There are two Rafael Nadal story lines swirling about during this first week of the Australian Open. One involves the 20-time Grand Slam winner’s lower back, which, in his words, is not great, though it did not get in the way of his efficient, straight-sets win over Laslo Djere of Serbia in the first round Tuesday.
The second story line involves a 17-year-old Spaniard named Carlos Alcaraz who has suddenly become known as “the next Rafa.” Nadal’s decision to practice with Alcaraz last week, in the final days leading up to the year’s first Grand Slam event, raised the volume of the hype surrounding the teenage prodigy.
“He has intensity, he has the passion, he has the shots,” Nadal said of Alcaraz. “Then it’s all about how much you are able to improve during the next couple of years. It depends on how much you will be able to improve that will make the difference of whether he’s going to be very good, or if you’re going to be an amazing champion.”
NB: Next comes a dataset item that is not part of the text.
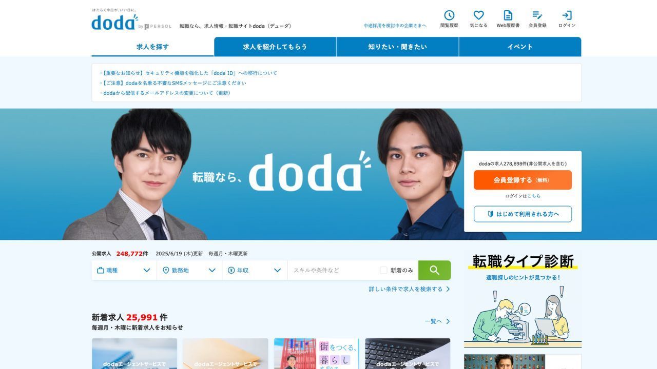 경력을 발전시키고자 하는 모든 분들을 위해직업일본에서 doda는 신뢰할 수 있고 잘 알려진 플랫폼입니다.
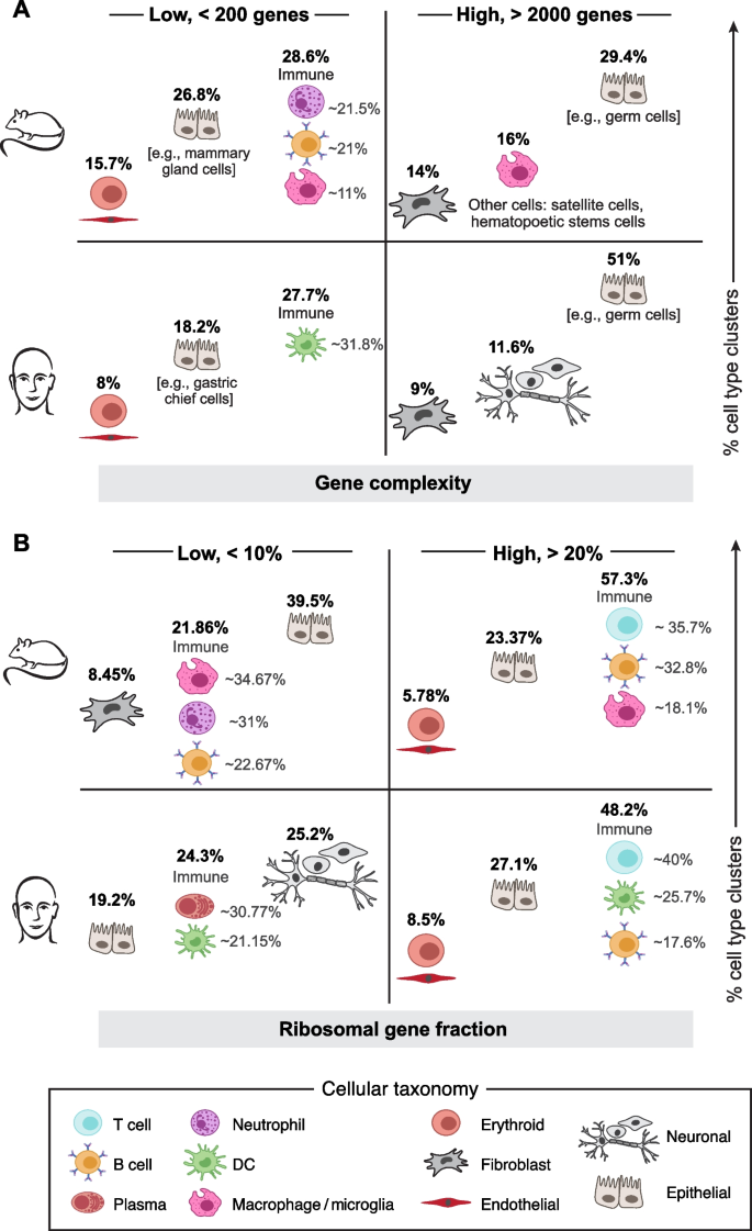 作者首先总结传统QC的现状——86%的已发表研究采用固定阈值(线粒体≤10%、基因数≥500),但这些阈值未考虑生物学变异;接着通过公共数据集分析指出,传统方法会过滤掉代谢活跃的实质细胞(如心肌细胞、肾小管细胞)和功能特化的免疫细胞(如中性粒细胞),导致生物信息丢失;随后,作者讨论现有数据驱动方法的局限——如miQC基于样本水平的贝叶斯模型调整阈值,但未解决细胞类型层面的变异问题,仍会丢失细胞类型特异的信息。

Prematurely declaring a teenager a future legend is as much a part of tennis as fuzzy yellow balls. For several years Grigor Dimitrov of Bulgaria was called Baby Fed because his precocious creativity and all-around game resembled that of the Swiss great Roger Federer. That was nearly a decade ago. Dimitrov is now 29, ranked 21st and still looking for his first Grand Slam title.
There is always a yearning for the next big thing, and so the buzz around Alcaraz persists.
“It’s been a while since we had a young Spaniard came along like this with the promise he is showing at his age,” said Jim Courier, the former world No 1 and a two-time champion in Australia, referring to when Nadal announced himself with a win over Federer at 17.